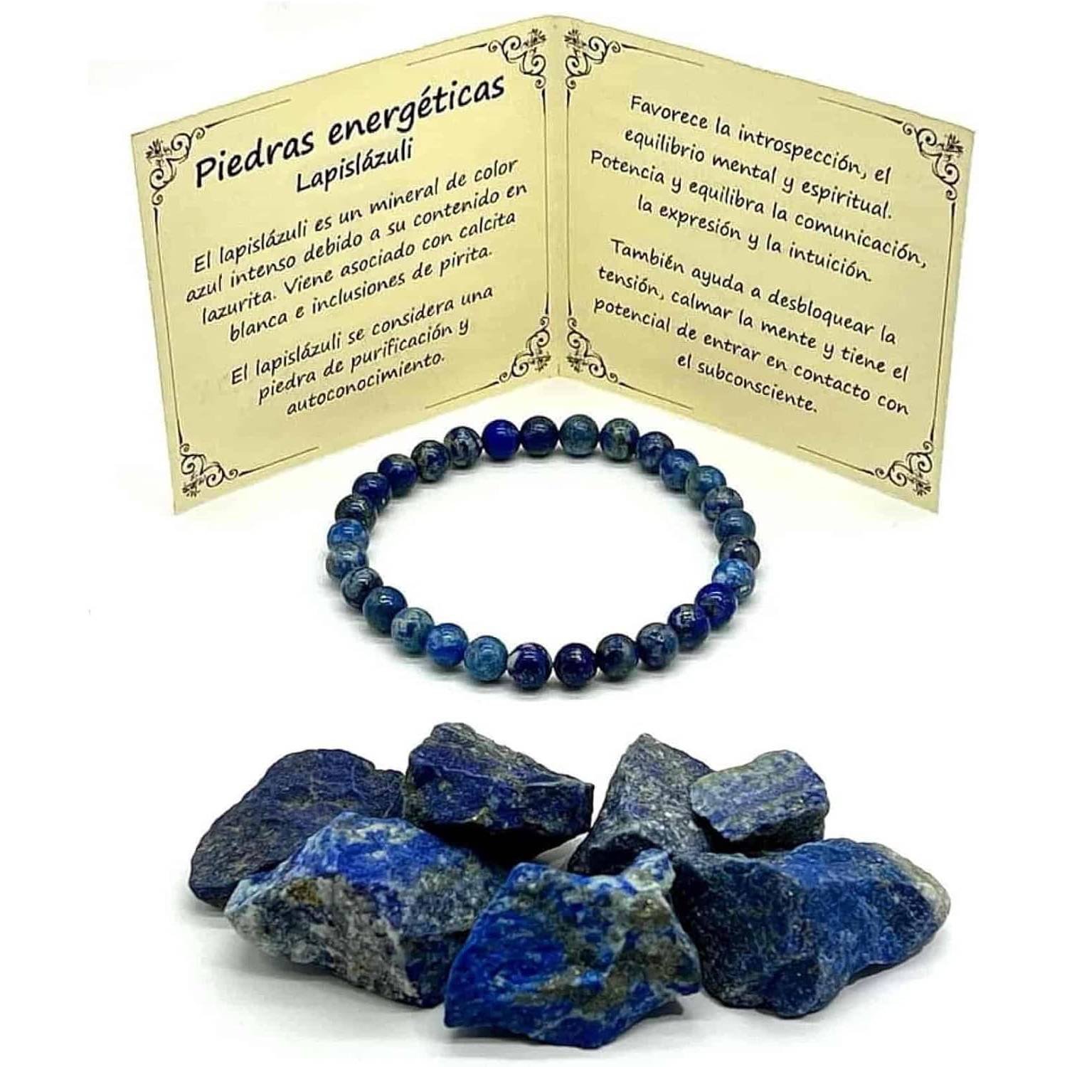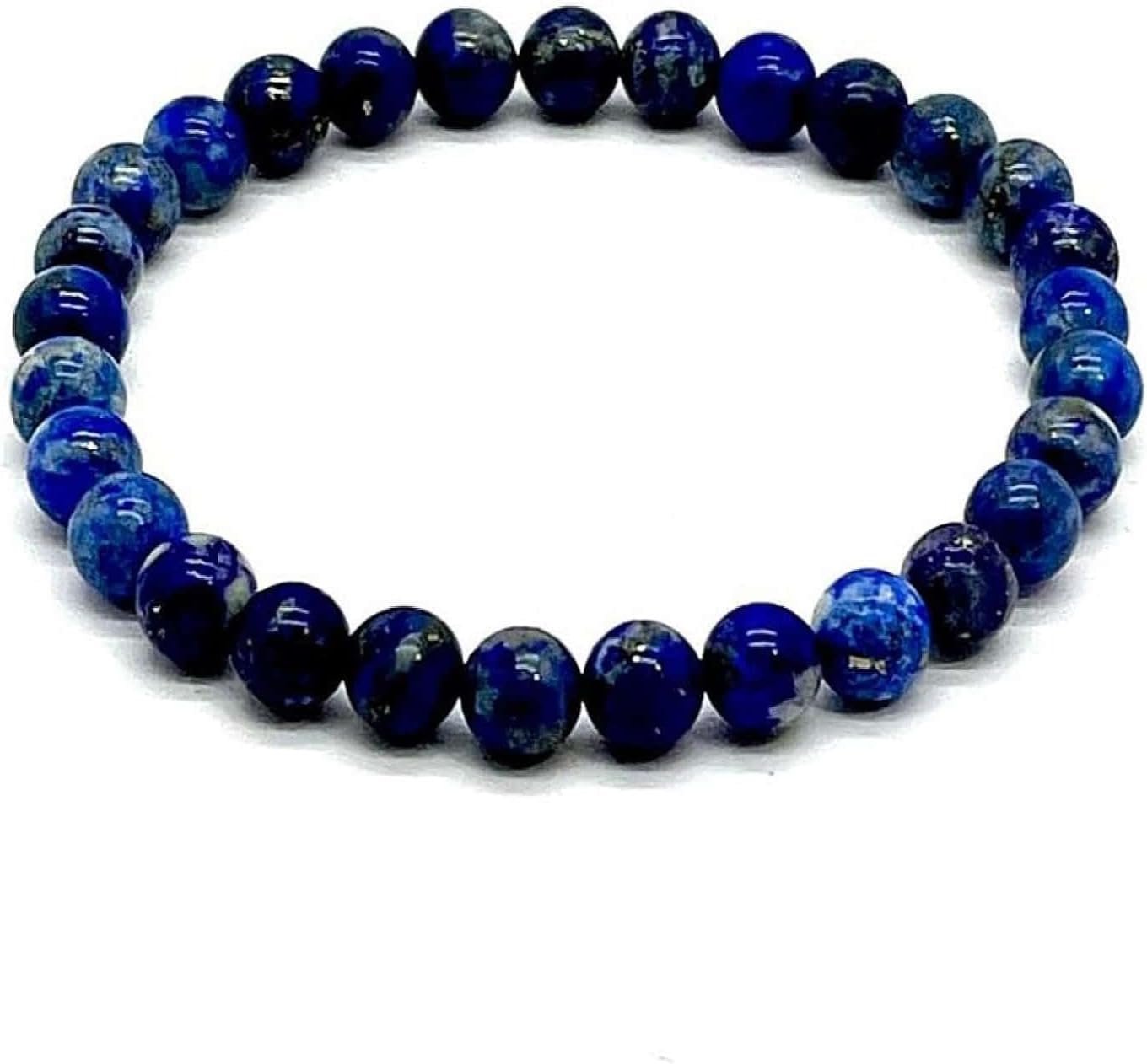 - Pulsera de lapislázuli: pulsera elástica y ajustable con bolas de lapislázuli de 6 mm de diámetro. Está hecha a mano con 28-30 cuentas de lapislázuli que forman una circunferencia interior de 18 cm ajustables.
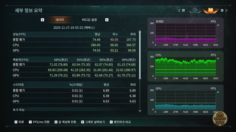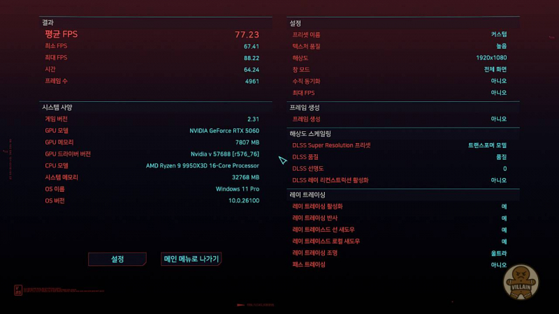 | RTX 5060 | TAA (DLSS 미적용) | 74.49 | 49.59 | 197.75 | DLSS 미적용 시 FHD 75 프레임 정도로 유지 |
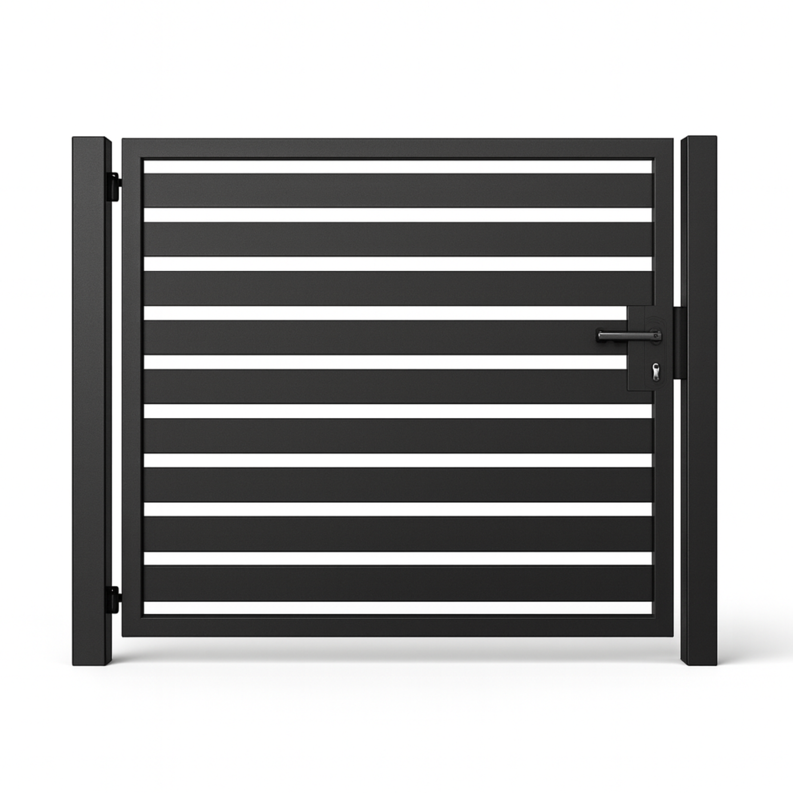 Zestaw zawiera: słupy, zawiasy, zamek, klamkę, rygiel z uchem na kłódkę.
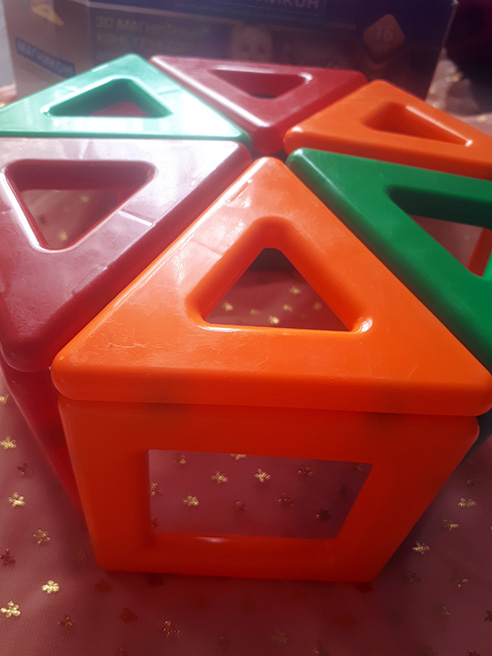 Магнитный конструктор Магникон мы купили, когда дочери было одиннадцать месяцев. Сейчас малышке почти полтора года, и Магникоша+ по-прежнему остается одной из ее любимых игрушек. Прежде наша девочка только либо наблюдала, как я или старший брат строим из деталей различные поделки, либо с большим энтузиазмом их разбирала. Сейчас малышка уже научилась самостоятельно собирать простенькие конструкции. Не так ровно, конечно, как на фото, это я слегка подправила домики. Она знает, какая из фигур квадрат, а какая треугольник, хотя назвать их правильно пока не умеет, не выговаривает. Достаточно уверенно дочурка берет пальчиками и подает мне деталь определенного цвета, умеет собрать в кучку только желтые или зеленые блоки. И все это мы выучили и продолжаем учить с помощью Магникоши+. Наверное, кто-то удивится, услышав, что я купила одиннадцатимесячному младенцу магнитный конструктор. Объясняю – я выбрала набор МК-16, который и выпускается для самых маленьких деток, 0+. В нем все хорошо продуманно – элементов немного, всего 16 штук, сделаны они из очень твердого цветного пластика. Блоки крупные, объемные, с закругленными гранями и углами. Каждый из них тщательно обработан, ни шершавинки на поверхности не чувствуется, когда проводишь пальцами. Магниты находятся внутри, в недоступном месте, и опасности не представляют. Их просто невозможно извлечь, не разломав фигуру, а это задача для малыша невыполнимая. Качество у Магникон отличное, если не знать, что это аналог дорого конструктора, даже в голову такая мысль не придет. Замечательная игрушка, я ее рекомендую
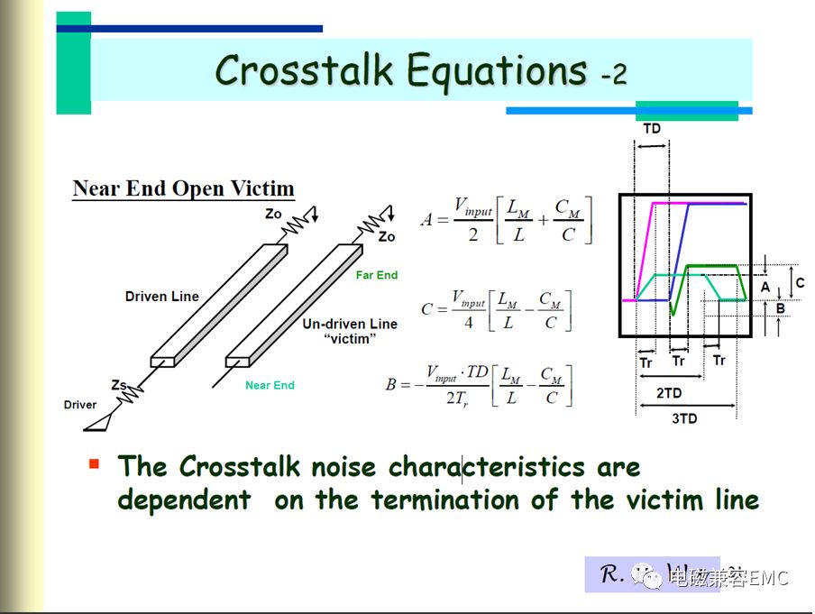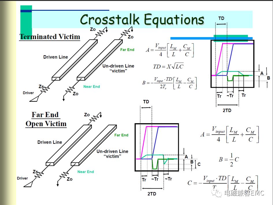 近端和远端耦合电压的描述,下图吴瑞北老师的课件中给出了三种情况下,近端和远端的串扰模型及相应的计算公式。从中可以看出,近端耦合噪声幅值仅与微带线分布参数和驱动电压有关,当耦合微带线截面尺寸和驱动电压电平确定,其幅值便可以确定。而远端耦合噪声的幅值,不仅与微带线分布参数和驱动电压相关,还受时延与驱动波形上升沿时间相关。
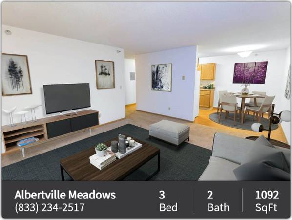 Albertville Meadows offers 1, 2 & 3 bedroom apartment homes. They feature spacious floor plans with large bedrooms and a private balcony or patio. Located just minutes from the highly sought after Albertville Outlet Mall, Albertville Meadows Apartments & Townhomes offers small town living with the hustle of the city.
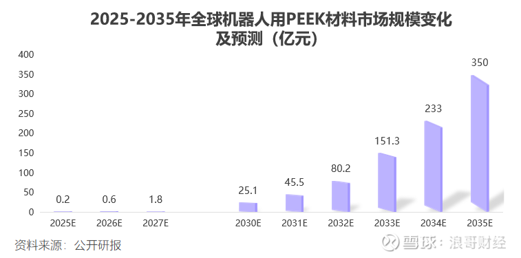 特斯拉Gen2人形机器人,PEEK单机用量为4.2kg,宇树科技H1机器人单机用量为3.2kg。伴随PEEK厂商产能释放和人形机器人量产落地。预计2035年,全球机器人用PEEK材料,市场规模可达350亿元。
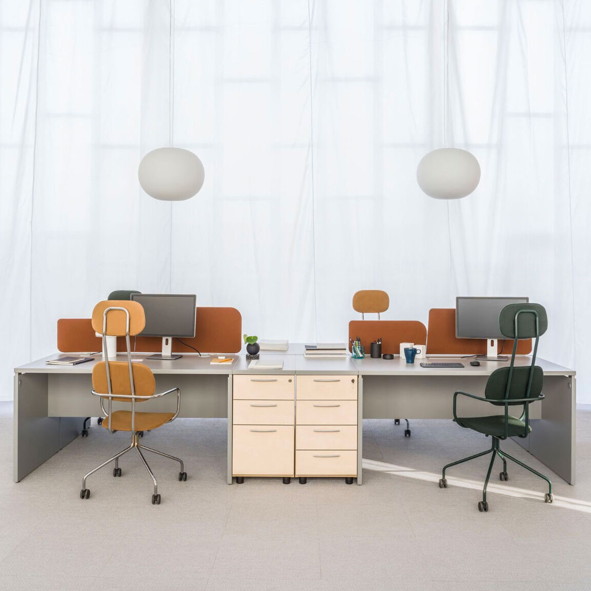 Le bureau individuel Ogi V est très facile à utiliser. Il suffit de le monter et de le disposer à l’endroit souhaité. Le bureau peut être est équipé de passage de câbles, ce qui permet de garder l’espace de travail organisé et propre.
.....
#### Task
Repeat the records above exactly, without pictures.

#### Response area
 - Pulsera de lapislázuli: pulsera elástica y ajustable con bolas de lapislázuli de 6 mm de diámetro. Está hecha a mano con 28-30 cuentas de lapislázuli que forman una circunferencia interior de 18 cm ajustables.
 | RTX 5060 | TAA (DLSS 미적용) | 74.49 | 49.59 | 197.75 | DLSS 미적용 시 FHD 75 프레임 정도로 유지 |
 Zestaw zawiera: słupy, zawiasy, zamek, klamkę, rygiel z uchem na kłódkę.
 Магнитный конструктор Магникон мы купили, когда дочери было одиннадцать месяцев. Сейчас малышке почти полтора года, и Магникоша+ по-прежнему остается одной из ее любимых игрушек. Прежде наша девочка только либо наблюдала, как я или старший брат строим из деталей различные поделки, либо с большим энтузиазмом их разбирала. Сейчас малышка уже научилась самостоятельно собирать простенькие конструкции. Не так ровно, конечно, как на фото, это я слегка подправила домики. Она знает, какая из фигур квадрат, а какая треугольник, хотя назвать их правильно пока не умеет, не выговаривает. Достаточно уверенно дочурка берет пальчиками и подает мне деталь определенного цвета, умеет собрать в кучку только желтые или зеленые блоки. И все это мы выучили и продолжаем учить с помощью Магникоши+. Наверное, кто-то удивится, услышав, что я купила одиннадцатимесячному младенцу магнитный конструктор. Объясняю – я выбрала набор МК-16, который и выпускается для самых маленьких деток, 0+. В нем все хорошо продуманно – элементов немного, всего 16 штук, сделаны они из очень твердого цветного пластика. Блоки крупные, объемные, с закругленными гранями и углами. Каждый из них тщательно обработан, ни шершавинки на поверхности не чувствуется, когда проводишь пальцами. Магниты находятся внутри, в недоступном месте, и опасности не представляют. Их просто невозможно извлечь, не разломав фигуру, а это задача для малыша невыполнимая. Качество у Магникон отличное, если не знать, что это аналог дорого конструктора, даже в голову такая мысль не придет. Замечательная игрушка, я ее рекомендую
 近端和远端耦合电压的描述,下图吴瑞北老师的课件中给出了三种情况下,近端和远端的串扰模型及相应的计算公式。从中可以看出,近端耦合噪声幅值仅与微带线分布参数和驱动电压有关,当耦合微带线截面尺寸和驱动电压电平确定,其幅值便可以确定。而远端耦合噪声的幅值,不仅与微带线分布参数和驱动电压相关,还受时延与驱动波形上升沿时间相关。
 Albertville Meadows offers 1, 2 & 3 bedroom apartment homes. They feature spacious floor plans with large bedrooms and a private balcony or patio. Located just minutes from the highly sought after Albertville Outlet Mall, Albertville Meadows Apartments & Townhomes offers small town living with the hustle of the city.
 特斯拉Gen2人形机器人,PEEK单机用量为4.2kg,宇树科技H1机器人单机用量为3.2kg。伴随PEEK厂商产能释放和人形机器人量产落地。预计2035年,全球机器人用PEEK材料,市场规模可达350亿元。
 Le bureau individuel Ogi V est très facile à utiliser. Il suffit de le monter et de le disposer à l’endroit souhaité. Le bureau peut être est équipé de passage de câbles, ce qui permet de garder l’espace de travail organisé et propre.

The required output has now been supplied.